(Data entries)
╭──
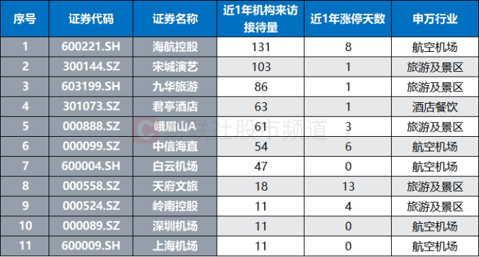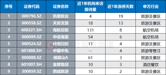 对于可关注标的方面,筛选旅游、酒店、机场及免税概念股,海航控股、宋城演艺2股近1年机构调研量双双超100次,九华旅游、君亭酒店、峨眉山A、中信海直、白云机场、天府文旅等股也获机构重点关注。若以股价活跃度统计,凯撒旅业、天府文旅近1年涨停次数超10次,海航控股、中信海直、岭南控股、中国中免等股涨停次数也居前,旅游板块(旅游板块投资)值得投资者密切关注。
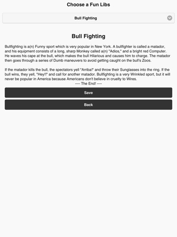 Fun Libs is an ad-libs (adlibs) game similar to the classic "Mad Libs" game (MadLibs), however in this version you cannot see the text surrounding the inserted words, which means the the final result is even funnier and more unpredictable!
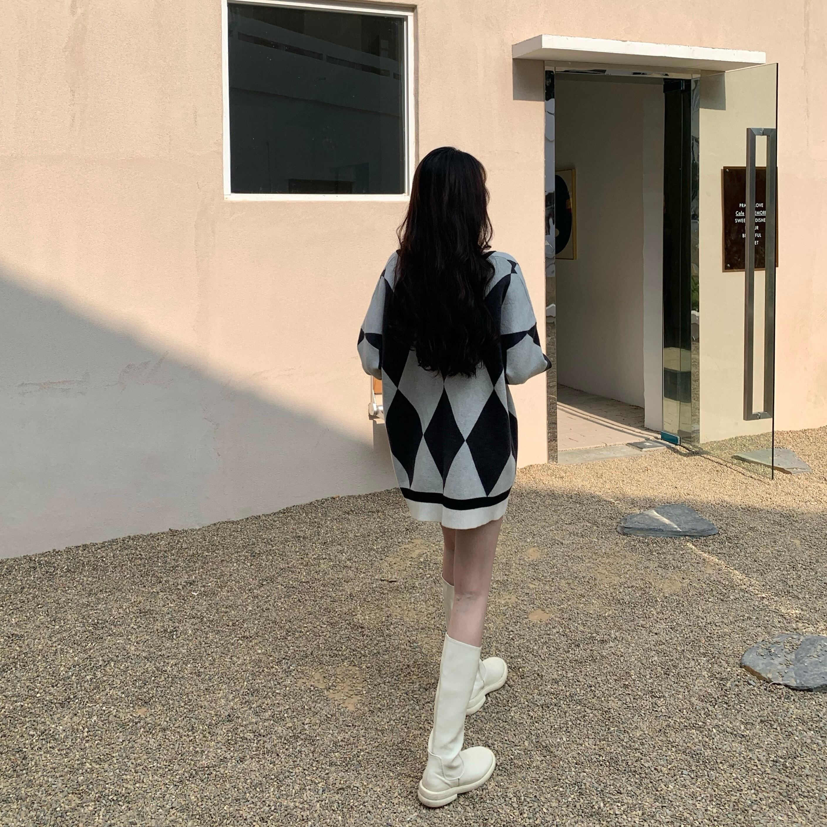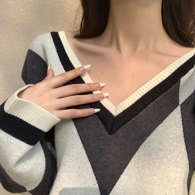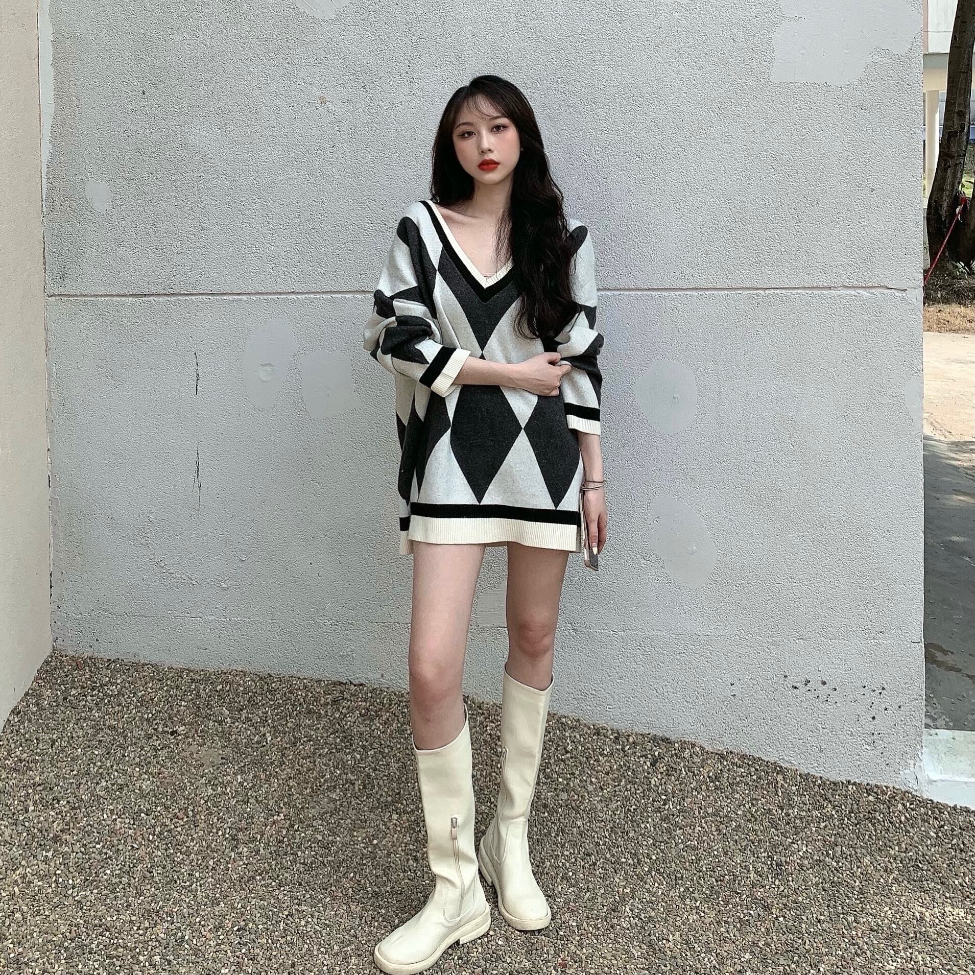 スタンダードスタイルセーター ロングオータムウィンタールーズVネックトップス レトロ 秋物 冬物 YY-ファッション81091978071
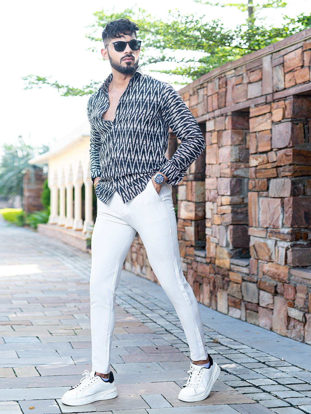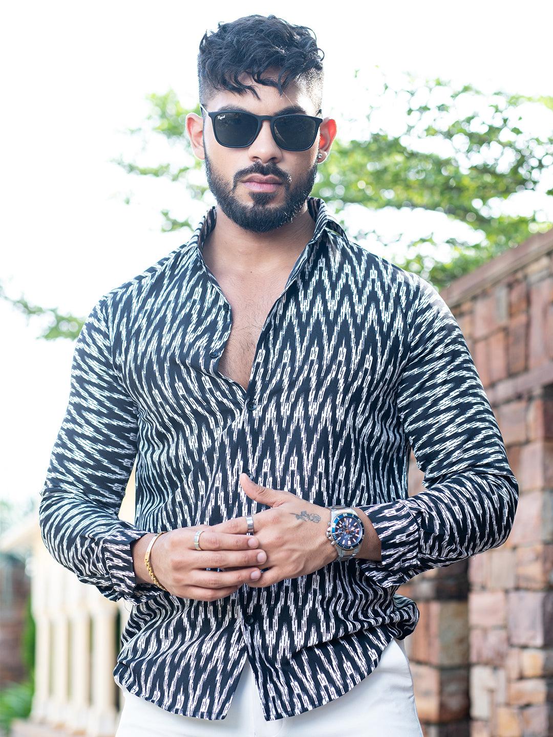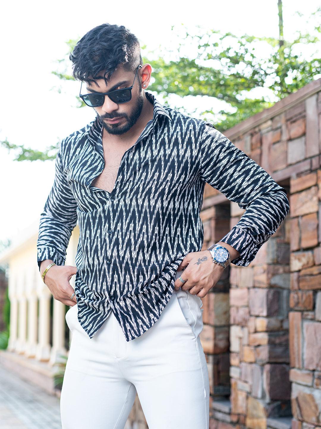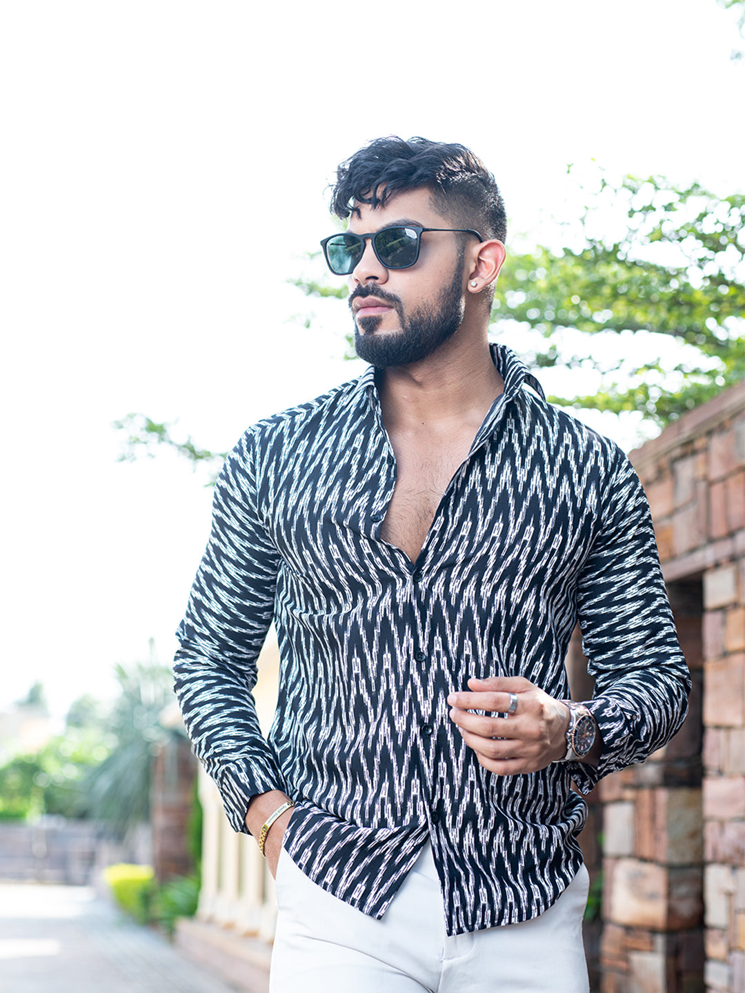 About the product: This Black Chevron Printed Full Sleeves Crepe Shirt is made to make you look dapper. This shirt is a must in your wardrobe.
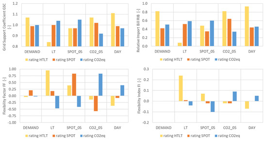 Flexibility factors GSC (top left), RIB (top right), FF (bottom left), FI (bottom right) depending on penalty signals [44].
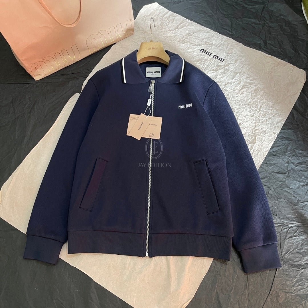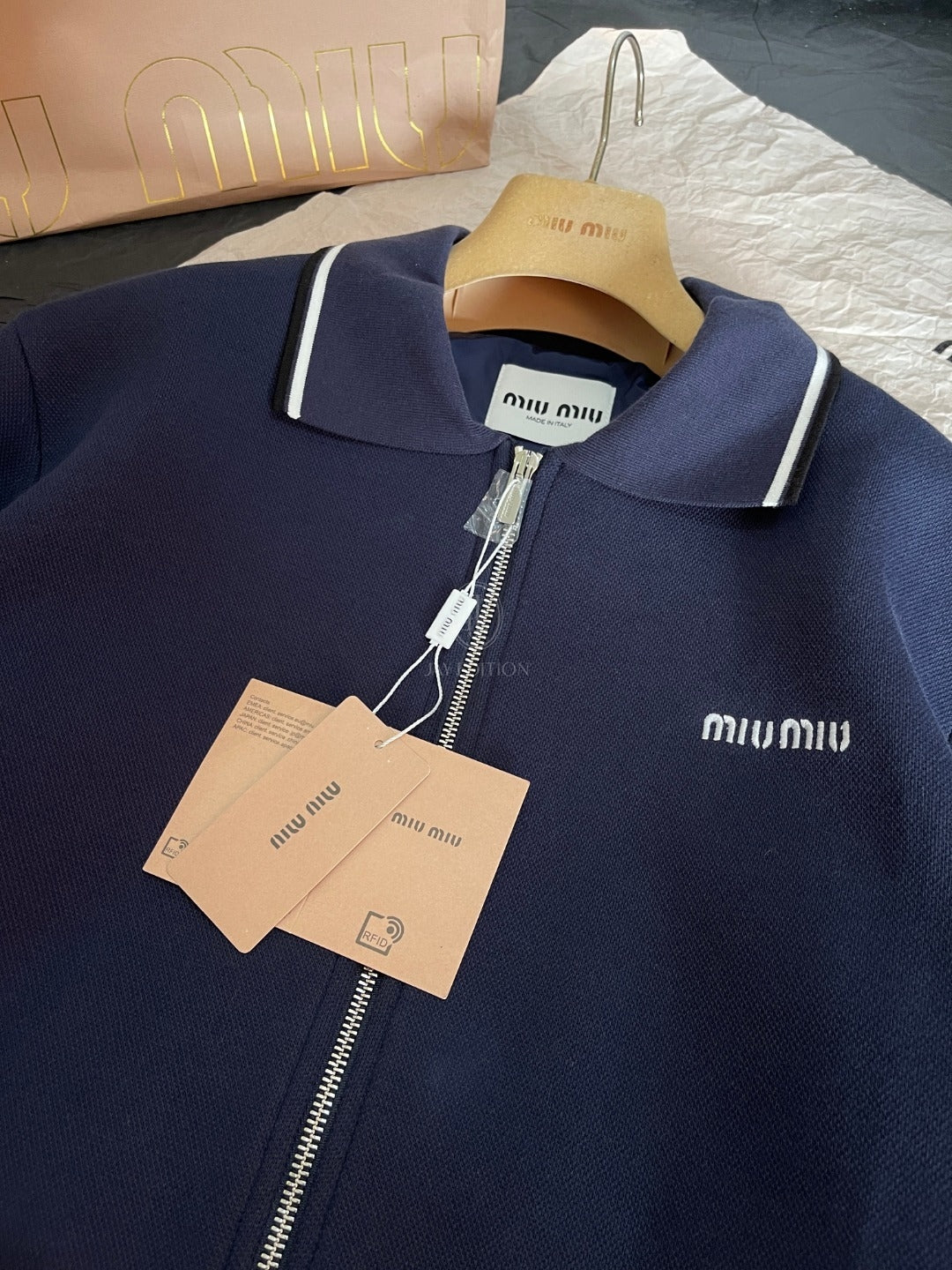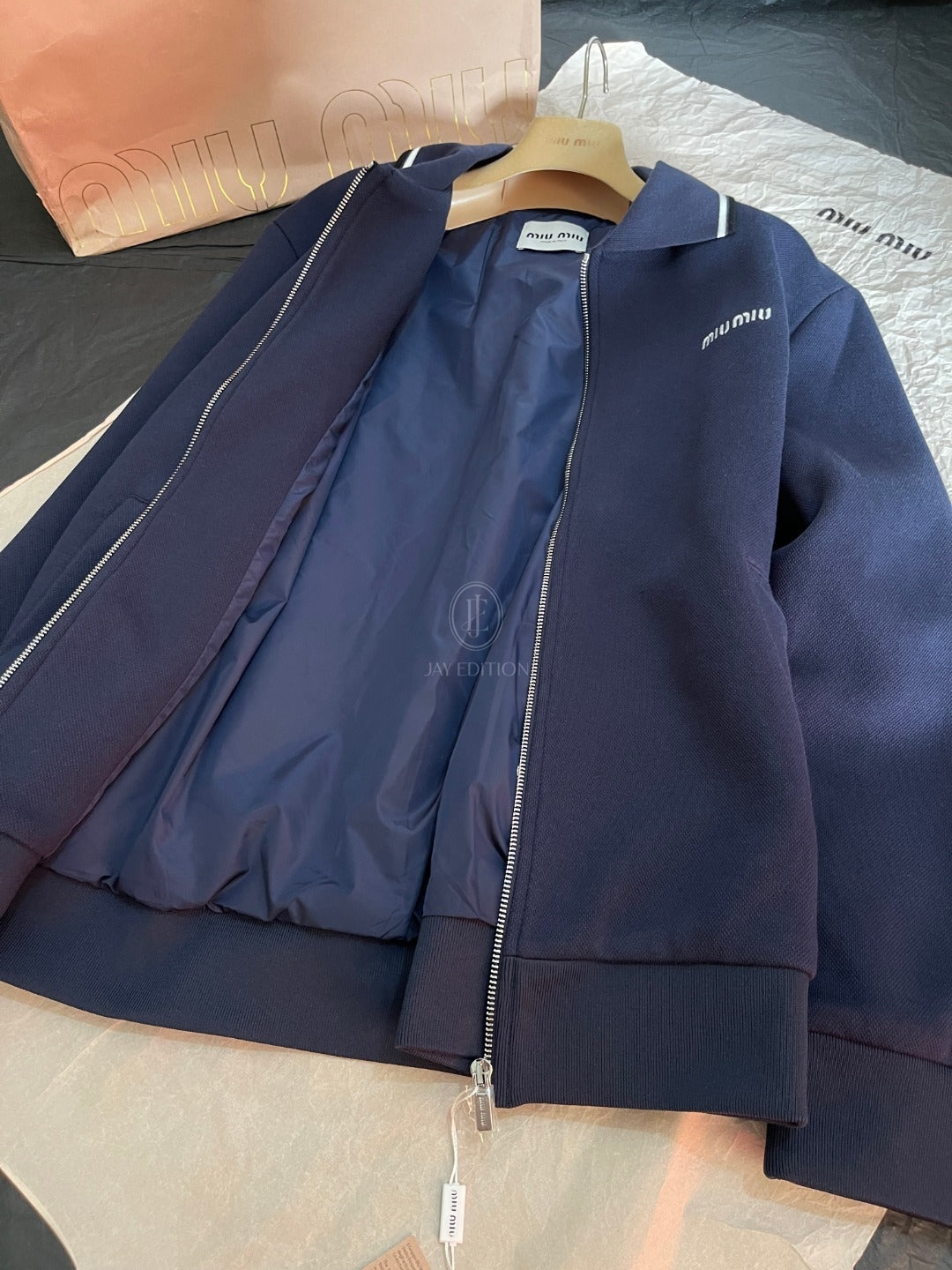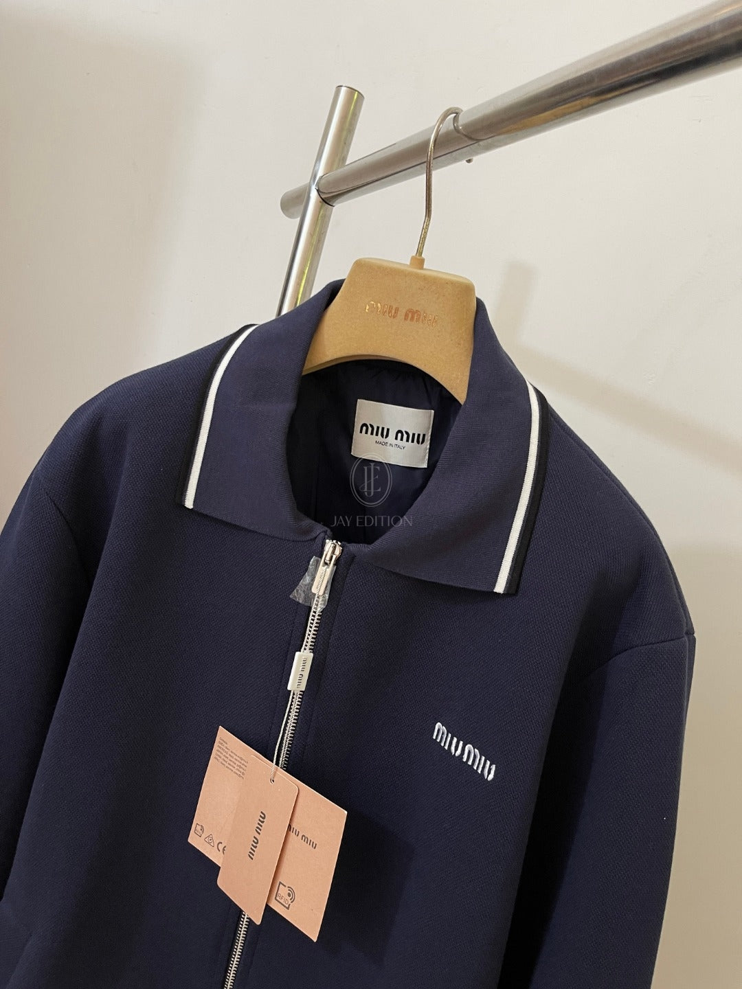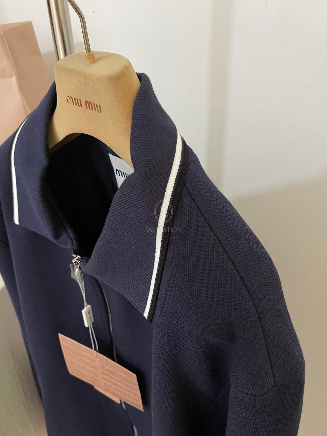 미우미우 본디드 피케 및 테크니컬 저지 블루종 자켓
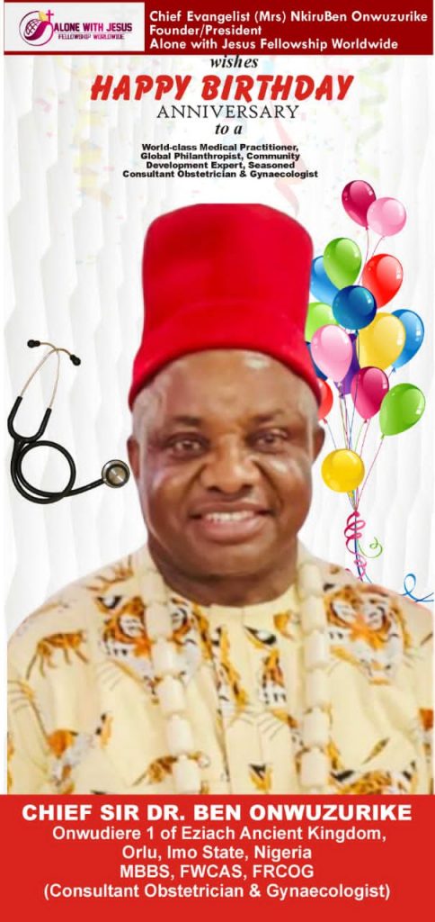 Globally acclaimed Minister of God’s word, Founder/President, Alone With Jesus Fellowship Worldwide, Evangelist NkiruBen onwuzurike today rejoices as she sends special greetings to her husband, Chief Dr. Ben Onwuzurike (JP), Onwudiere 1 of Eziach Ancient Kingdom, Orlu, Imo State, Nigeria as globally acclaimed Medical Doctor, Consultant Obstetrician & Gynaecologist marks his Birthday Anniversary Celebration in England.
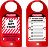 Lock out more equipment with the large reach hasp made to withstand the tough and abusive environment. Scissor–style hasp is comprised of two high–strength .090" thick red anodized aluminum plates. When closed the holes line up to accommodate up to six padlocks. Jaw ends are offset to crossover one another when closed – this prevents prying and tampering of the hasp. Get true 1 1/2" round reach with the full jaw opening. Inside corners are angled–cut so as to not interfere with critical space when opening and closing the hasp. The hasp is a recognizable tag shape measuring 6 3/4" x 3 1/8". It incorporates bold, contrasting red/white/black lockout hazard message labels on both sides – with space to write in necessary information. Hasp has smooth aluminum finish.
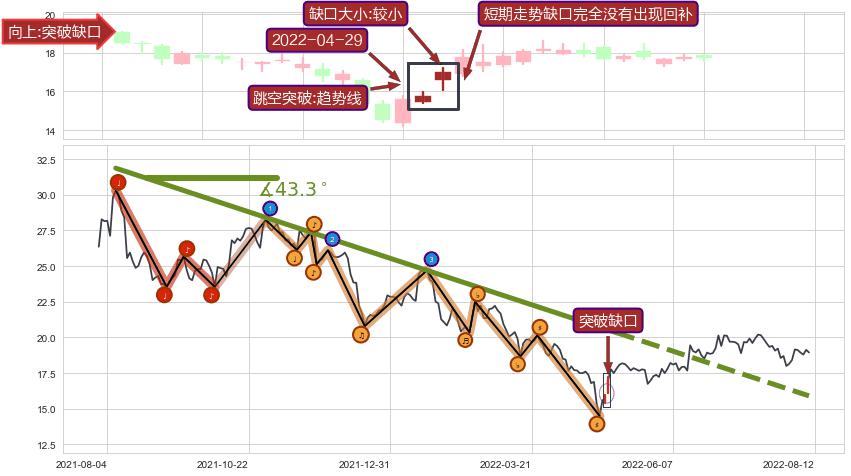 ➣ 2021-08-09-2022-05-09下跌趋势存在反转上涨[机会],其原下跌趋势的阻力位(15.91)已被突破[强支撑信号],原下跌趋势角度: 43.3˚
╰──
Description of the task:
Taking each record in turn, retype it exactly and drop any picture.

Your response:
 对于可关注标的方面,筛选旅游、酒店、机场及免税概念股,海航控股、宋城演艺2股近1年机构调研量双双超100次,九华旅游、君亭酒店、峨眉山A、中信海直、白云机场、天府文旅等股也获机构重点关注。若以股价活跃度统计,凯撒旅业、天府文旅近1年涨停次数超10次,海航控股、中信海直、岭南控股、中国中免等股涨停次数也居前,旅游板块(旅游板块投资)值得投资者密切关注。
 Fun Libs is an ad-libs (adlibs) game similar to the classic "Mad Libs" game (MadLibs), however in this version you cannot see the text surrounding the inserted words, which means the the final result is even funnier and more unpredictable!
 スタンダードスタイルセーター ロングオータムウィンタールーズVネックトップス レトロ 秋物 冬物 YY-ファッション81091978071
 About the product: This Black Chevron Printed Full Sleeves Crepe Shirt is made to make you look dapper. This shirt is a must in your wardrobe.
 Flexibility factors GSC (top left), RIB (top right), FF (bottom left), FI (bottom right) depending on penalty signals [44].
 미우미우 본디드 피케 및 테크니컬 저지 블루종 자켓
 Globally acclaimed Minister of God’s word, Founder/President, Alone With Jesus Fellowship Worldwide, Evangelist NkiruBen onwuzurike today rejoices as she sends special greetings to her husband, Chief Dr. Ben Onwuzurike (JP), Onwudiere 1 of Eziach Ancient Kingdom, Orlu, Imo State, Nigeria as globally acclaimed Medical Doctor, Consultant Obstetrician & Gynaecologist marks his Birthday Anniversary Celebration in England.
 Lock out more equipment with the large reach hasp made to withstand the tough and abusive environment. Scissor–style hasp is comprised of two high–strength .090" thick red anodized aluminum plates. When closed the holes line up to accommodate up to six padlocks. Jaw ends are offset to crossover one another when closed – this prevents prying and tampering of the hasp. Get true 1 1/2" round reach with the full jaw opening. Inside corners are angled–cut so as to not interfere with critical space when opening and closing the hasp. The hasp is a recognizable tag shape measuring 6 3/4" x 3 1/8". It incorporates bold, contrasting red/white/black lockout hazard message labels on both sides – with space to write in necessary information. Hasp has smooth aluminum finish.
 ➣ 2021-08-09-2022-05-09下跌趋势存在反转上涨[机会],其原下跌趋势的阻力位(15.91)已被突破[强支撑信号],原下跌趋势角度: 43.3˚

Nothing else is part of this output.